**DATASET SECTION**
◇ ◇ ◇ ◇ ◇ ◇ ◇
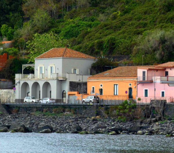 Petit hameau balnéaire de la ville baroque d’Acireale, Santa Maria la Scala, avec ses maisons multicolores et ses restaurants de fruits de mer, est une destination touristique prisée. On croirait un coin des Cinque Terre transplanté en Sicile, dominé par un promontoire de lave recouvert d’une nature sauvage. Les plages sont de galets, mais les embruns y sont authentiques. Malheureusement, l’Etna est invisible, parce que le promontoire et les immeubles du centre d’Acireale le masquent complètement.
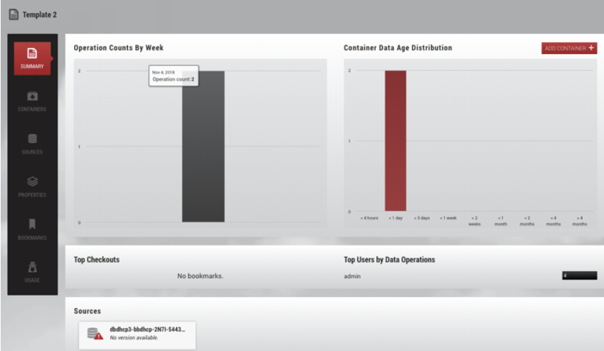The Data Template Management page contains a view panel of 6 tiles on the left-hand side of the screen. Each tile reports on a variety of useful information, such as user activity, data sources, data capacity, specific details about data containers, and data templates. They also help you navigate to areas where you can complete specific tasks, such as creating a new template or container, working with data timeflows, assigning users to containers, and bookmarking important points in time.
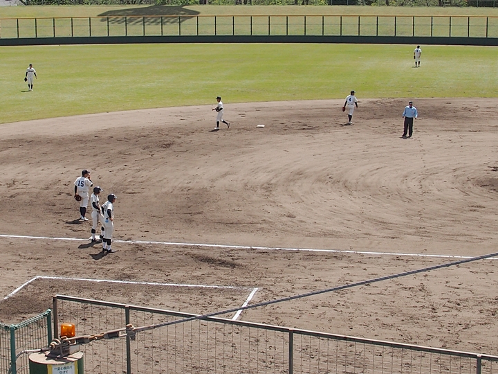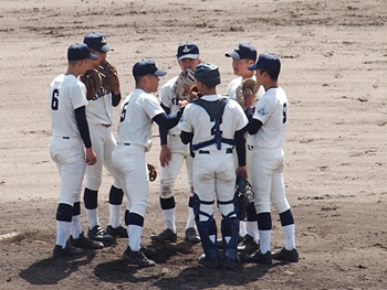 内野手がピッチャーマウンドに集まり、監督からの伝令の確認。神辺旭のピンチですけど、さて、この1点で乗り切る事が出来ますでしょうか…
◇ ◇ ◇ ◇ ◇ ◇ ◇
In your copy, leave out the pictures and reproduce the material above exactly.

**OUTPUT OF THE TASK**
 Petit hameau balnéaire de la ville baroque d’Acireale, Santa Maria la Scala, avec ses maisons multicolores et ses restaurants de fruits de mer, est une destination touristique prisée. On croirait un coin des Cinque Terre transplanté en Sicile, dominé par un promontoire de lave recouvert d’une nature sauvage. Les plages sont de galets, mais les embruns y sont authentiques. Malheureusement, l’Etna est invisible, parce que le promontoire et les immeubles du centre d’Acireale le masquent complètement.
The Data Template Management page contains a view panel of 6 tiles on the left-hand side of the screen. Each tile reports on a variety of useful information, such as user activity, data sources, data capacity, specific details about data containers, and data templates. They also help you navigate to areas where you can complete specific tasks, such as creating a new template or container, working with data timeflows, assigning users to containers, and bookmarking important points in time.
 内野手がピッチャーマウンドに集まり、監督からの伝令の確認。神辺旭のピンチですけど、さて、この1点で乗り切る事が出来ますでしょうか…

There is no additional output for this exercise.